> [Work to complete] The result should be an exact copy of every record, with no pictures kept.

> [Records shown]
###
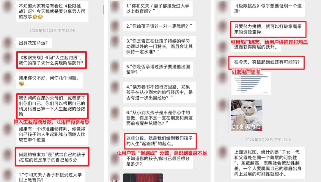 比如班班在分享的时候,用热门综艺《极限挑战》做引子,用人生起跑线 6 问引发用户思考,加强用户的参与感。
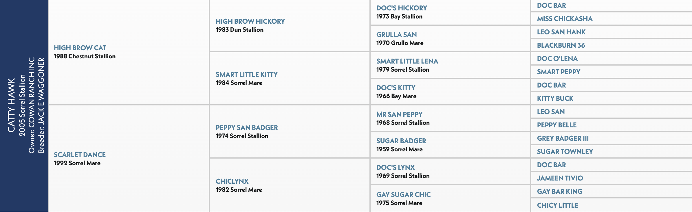 Sired by $97 million stallion High Brow Cat and out of Peppy San Badger mare Scarlet Dance, Catty Hawk built his reputation in the cutting pen, earning $240,297 in NCHA competition between 2008 and 2013 and etching his name into sire stardom in the years since.
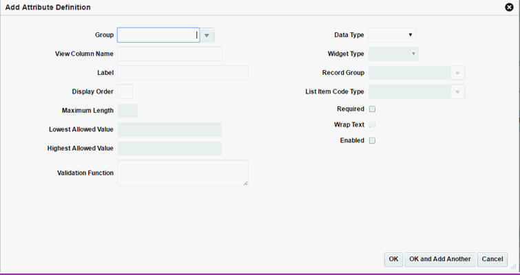In case you selected List of Values widget type, the Record Group field gets enabled. Use the LOV button to select one of the available record groups. Record groups are set up in the Record Groups Maintenance screen.
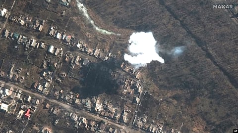 This satellite image provided by Maxar Technologies shows smoke from recently dropped ordnance in southern Bakhmut, Ukraine, Monday March 6, 2023. (Satellite image ©2023 Maxar Technologies via AP)
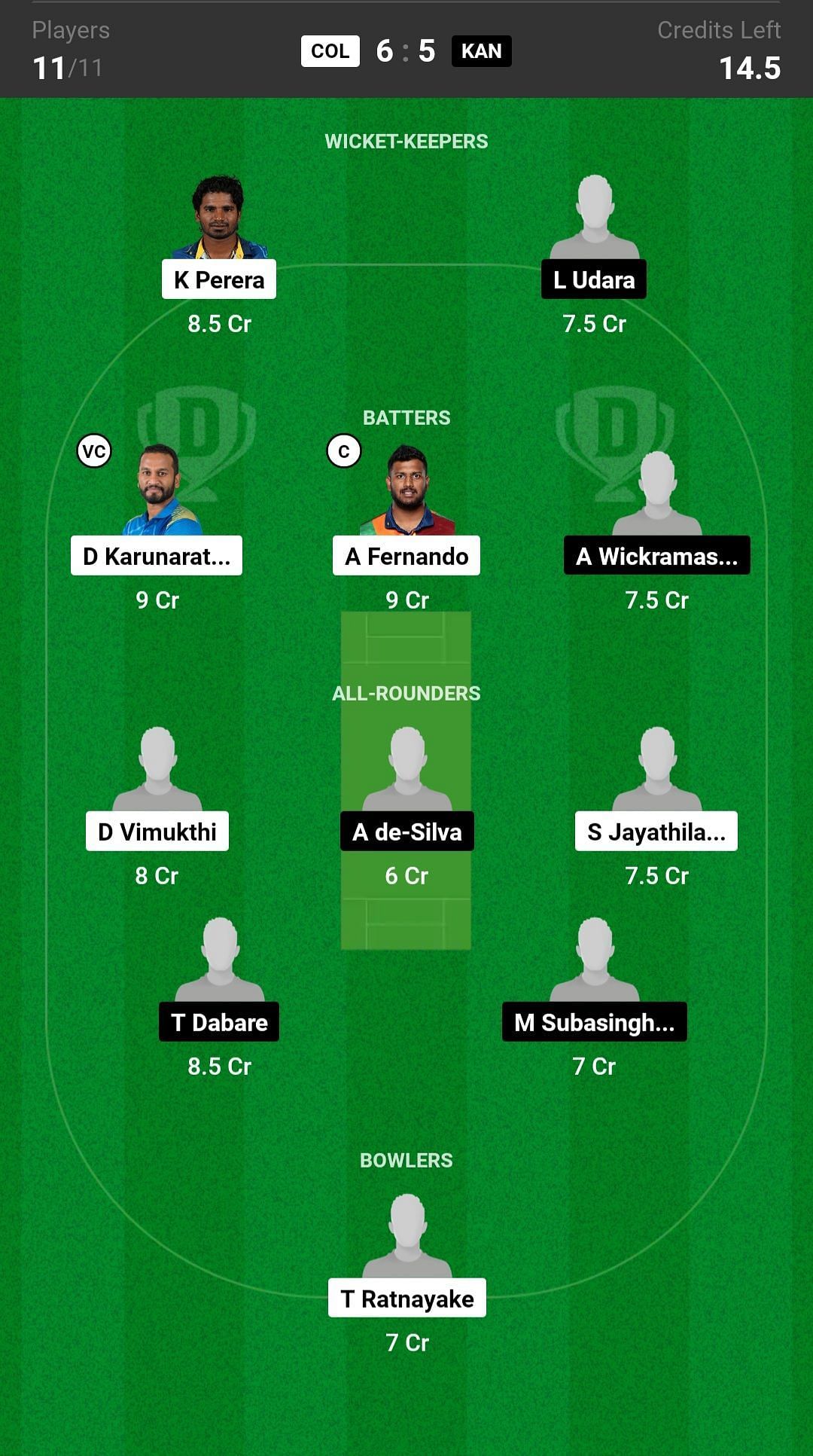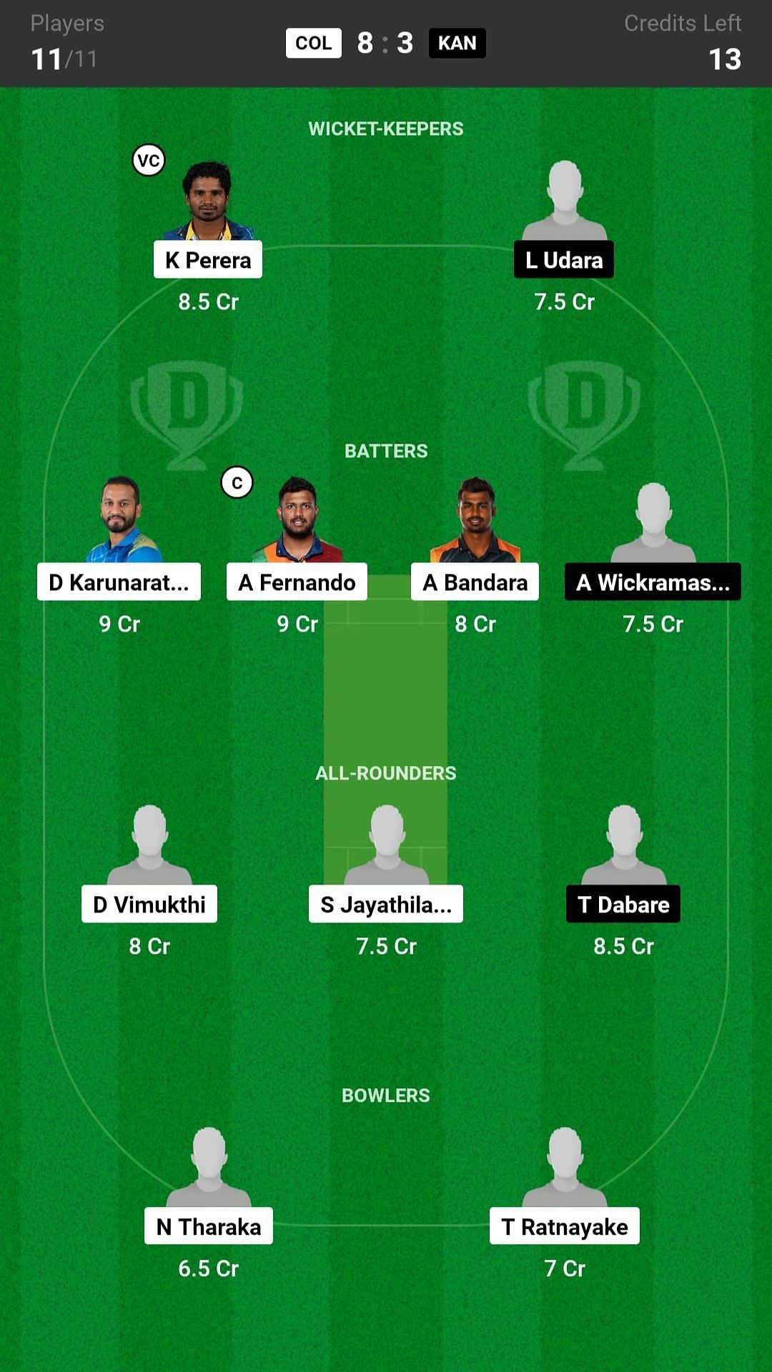 Since the pitch is well-balanced, you can make K Perera the captain as he will bat in the top order and also perform wicket-keeping duties. You can make him the captain of the grand league teams.
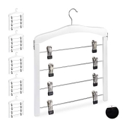 Relaxdays 6 x Rockbügel mehrfach, platzsparend, 360° drehbarer Haken, Clipbügel für Hosen & Röcke, Hosenbügel, Holz, weiß
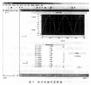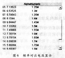 模拟生成。 该程序由VEE生成一扫频过程(见图4),再由万用表在每一频率随机生成一电压值(见图6), 比较后输出最大值。这一系列过程都由主程序设定,输出的操作员界面如图5所示。
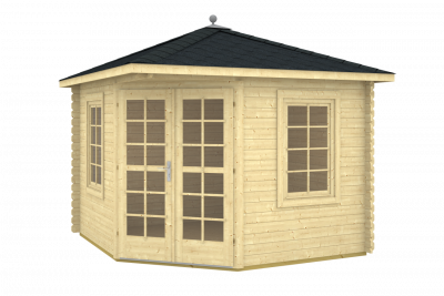 Die auch Zeltdach genannte Bauform wird sehr gern auf einem 5-Eck-Gartenhaus verbaut, was zusammen einen interessanten Anblick im Garten bietet. Im Vergleich zu den gängigen Sattel- und Pultdächern bringt Ihnen diese Dachform etwas Romantik und Leichtigkeit in den Garten. In der Regel wird das Spitzdach auf einer viereckigen Grundform verbaut. Aber auch fünfeckige bis hin zu achteckige Gartenhausformen können mit diesem Zeltdach gebaut werden. Als „Kirsche auf der Sahnehaube“ bietet der Handel Dachhauben mit oder ohne Zierkugel an, die auf dem sogenannten „Firstpunkt“ auf der Dachmitte angebracht werden können. Ein beliebtes Produkt ist unser 5-Eck-Gartenhaus Norwegen 26.
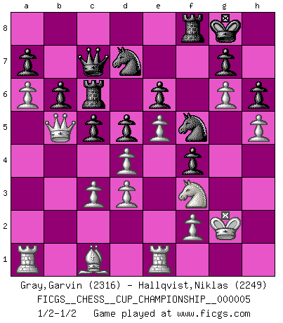 Last move : 1/2-1/2 2023 June 3 4:7:15 [Event "FICGS__CHESS__CUP_CHAMPIONSHIP__000005"] [Site "FICGS"] [Date "2023.03.23"] [Round "1"] [White "Gray,Garvin"] [Black "Hallqvist,Niklas"] [Result "1/2-1/2"] [WhiteElo "2316"] [BlackElo "2249"] 1.d4 e6 2.e4 d5 3.Nc3 Bb4 4.e5 c5 5.a3 Bxc3+ 6.bxc3 Ne7 7.Nf3 b6 8.Bb5+ Bd7 9.Bd3 Bc8 10.h4 Ba6 11.a4 Bxd3 12.cxd3 h6 13.Ba3 Nd7 14.a5 Rc8 15.a6 Rc6 16.O-O O-O 17.Qa4 Qc7 18.h5 Rc8 19.g3 Nf5 20.g4 Ne7 21.Rfe1 Rf8 22.Bc1 Rb8 23.Qb5 Rf8 24.Kg2 f5 25.g5 f4 26.g6 Nf5 1/2-1/2 Follow this game move after move (download)Not all artists are Chess players, but all Chess players are artists. (Marcel Duchamp) Das Spiel gibt uns die Genugtuung, die das Leben uns versagt. (Emanuel Lasker) Por la belleza de sus partidas, la claridad de su juego y lo brillante de sus ideas, Fischer se creó el mismo como un artista de la misma estatura como Brahms, Rembrandt y Shakespeare. (David Levy) Aucun coup ne doit être joué sans but. (Pedro Damiano) It's not the will to win, but the will to prepare to win that makes the difference. (Bear Bryant)
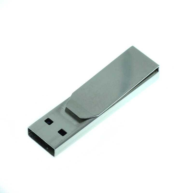 Kovový mini USB flash disk - spona. Vhodný pro potisk, nebo laser loga. Možno připojit šňůrku, kroužek, nebo karabinku.
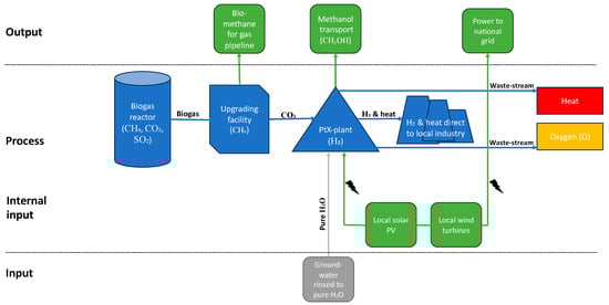 - Making e-fuel via a synthetic process, such as methanol, which would require an input of carbon (CO2) and electricity from the energy system if not provided by local RES sources. The use of biogenetic CO2 in this process could be supplied by upgrading the existing facilities (extraction of CO2 from biogas to produce pure methane) connected to Danish biogas plants, or possibly from decentralized CHP plants fueled by biomass, such as residual straw or wood chips. The co-location of the PtX plant near such facilities would, hence, be beneficial. The use of biogenetic CO2 is important from a symbiotic perspective, as in almost all cases, it would otherwise simply be emitted to the atmosphere from the biogas plants when upgrading their facilities. Currently, 675,000 t of biogenetic CO2 are emitted annually from these energy plants [], and thus not being valorized while also causing environmental issues, including contributing to global warming. Capturing and valorizing this output as a new input to the electrolysis process is therefore important, and carbon capture and utilization (CCU) could thus minimize this current wastage of biogenetic CO2, which could be facilitated within the PtX plant via a classical “inter-firm collaboration”.
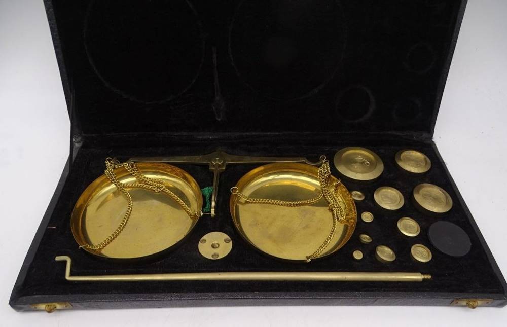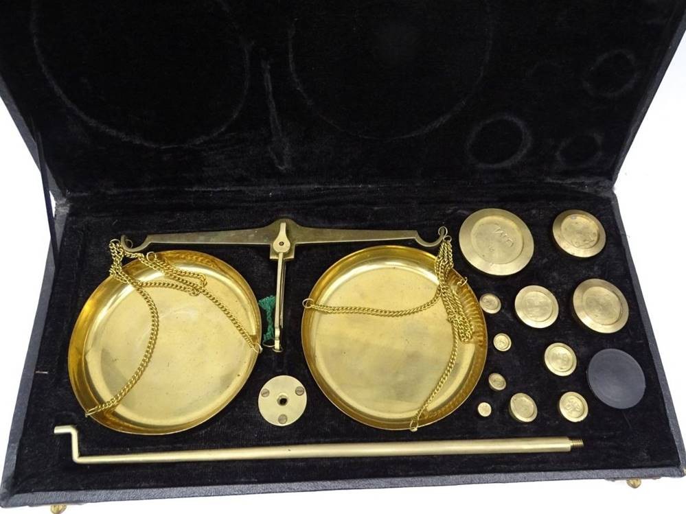 Feinwaage mit vielen Gewichten in orig. Kasten [1]
###
> [Answer]
 比如班班在分享的时候,用热门综艺《极限挑战》做引子,用人生起跑线 6 问引发用户思考,加强用户的参与感。
 Sired by $97 million stallion High Brow Cat and out of Peppy San Badger mare Scarlet Dance, Catty Hawk built his reputation in the cutting pen, earning $240,297 in NCHA competition between 2008 and 2013 and etching his name into sire stardom in the years since.
In case you selected List of Values widget type, the Record Group field gets enabled. Use the LOV button to select one of the available record groups. Record groups are set up in the Record Groups Maintenance screen.
 This satellite image provided by Maxar Technologies shows smoke from recently dropped ordnance in southern Bakhmut, Ukraine, Monday March 6, 2023. (Satellite image ©2023 Maxar Technologies via AP)
 Since the pitch is well-balanced, you can make K Perera the captain as he will bat in the top order and also perform wicket-keeping duties. You can make him the captain of the grand league teams.
 Relaxdays 6 x Rockbügel mehrfach, platzsparend, 360° drehbarer Haken, Clipbügel für Hosen & Röcke, Hosenbügel, Holz, weiß
 模拟生成。 该程序由VEE生成一扫频过程(见图4),再由万用表在每一频率随机生成一电压值(见图6), 比较后输出最大值。这一系列过程都由主程序设定,输出的操作员界面如图5所示。
 Die auch Zeltdach genannte Bauform wird sehr gern auf einem 5-Eck-Gartenhaus verbaut, was zusammen einen interessanten Anblick im Garten bietet. Im Vergleich zu den gängigen Sattel- und Pultdächern bringt Ihnen diese Dachform etwas Romantik und Leichtigkeit in den Garten. In der Regel wird das Spitzdach auf einer viereckigen Grundform verbaut. Aber auch fünfeckige bis hin zu achteckige Gartenhausformen können mit diesem Zeltdach gebaut werden. Als „Kirsche auf der Sahnehaube“ bietet der Handel Dachhauben mit oder ohne Zierkugel an, die auf dem sogenannten „Firstpunkt“ auf der Dachmitte angebracht werden können. Ein beliebtes Produkt ist unser 5-Eck-Gartenhaus Norwegen 26.
 Last move : 1/2-1/2 2023 June 3 4:7:15 [Event "FICGS__CHESS__CUP_CHAMPIONSHIP__000005"] [Site "FICGS"] [Date "2023.03.23"] [Round "1"] [White "Gray,Garvin"] [Black "Hallqvist,Niklas"] [Result "1/2-1/2"] [WhiteElo "2316"] [BlackElo "2249"] 1.d4 e6 2.e4 d5 3.Nc3 Bb4 4.e5 c5 5.a3 Bxc3+ 6.bxc3 Ne7 7.Nf3 b6 8.Bb5+ Bd7 9.Bd3 Bc8 10.h4 Ba6 11.a4 Bxd3 12.cxd3 h6 13.Ba3 Nd7 14.a5 Rc8 15.a6 Rc6 16.O-O O-O 17.Qa4 Qc7 18.h5 Rc8 19.g3 Nf5 20.g4 Ne7 21.Rfe1 Rf8 22.Bc1 Rb8 23.Qb5 Rf8 24.Kg2 f5 25.g5 f4 26.g6 Nf5 1/2-1/2 Follow this game move after move (download)Not all artists are Chess players, but all Chess players are artists. (Marcel Duchamp) Das Spiel gibt uns die Genugtuung, die das Leben uns versagt. (Emanuel Lasker) Por la belleza de sus partidas, la claridad de su juego y lo brillante de sus ideas, Fischer se creó el mismo como un artista de la misma estatura como Brahms, Rembrandt y Shakespeare. (David Levy) Aucun coup ne doit être joué sans but. (Pedro Damiano) It's not the will to win, but the will to prepare to win that makes the difference. (Bear Bryant)
 Kovový mini USB flash disk - spona. Vhodný pro potisk, nebo laser loga. Možno připojit šňůrku, kroužek, nebo karabinku.
 - Making e-fuel via a synthetic process, such as methanol, which would require an input of carbon (CO2) and electricity from the energy system if not provided by local RES sources. The use of biogenetic CO2 in this process could be supplied by upgrading the existing facilities (extraction of CO2 from biogas to produce pure methane) connected to Danish biogas plants, or possibly from decentralized CHP plants fueled by biomass, such as residual straw or wood chips. The co-location of the PtX plant near such facilities would, hence, be beneficial. The use of biogenetic CO2 is important from a symbiotic perspective, as in almost all cases, it would otherwise simply be emitted to the atmosphere from the biogas plants when upgrading their facilities. Currently, 675,000 t of biogenetic CO2 are emitted annually from these energy plants [], and thus not being valorized while also causing environmental issues, including contributing to global warming. Capturing and valorizing this output as a new input to the electrolysis process is therefore important, and carbon capture and utilization (CCU) could thus minimize this current wastage of biogenetic CO2, which could be facilitated within the PtX plant via a classical “inter-firm collaboration”.
 Feinwaage mit vielen Gewichten in orig. Kasten [1]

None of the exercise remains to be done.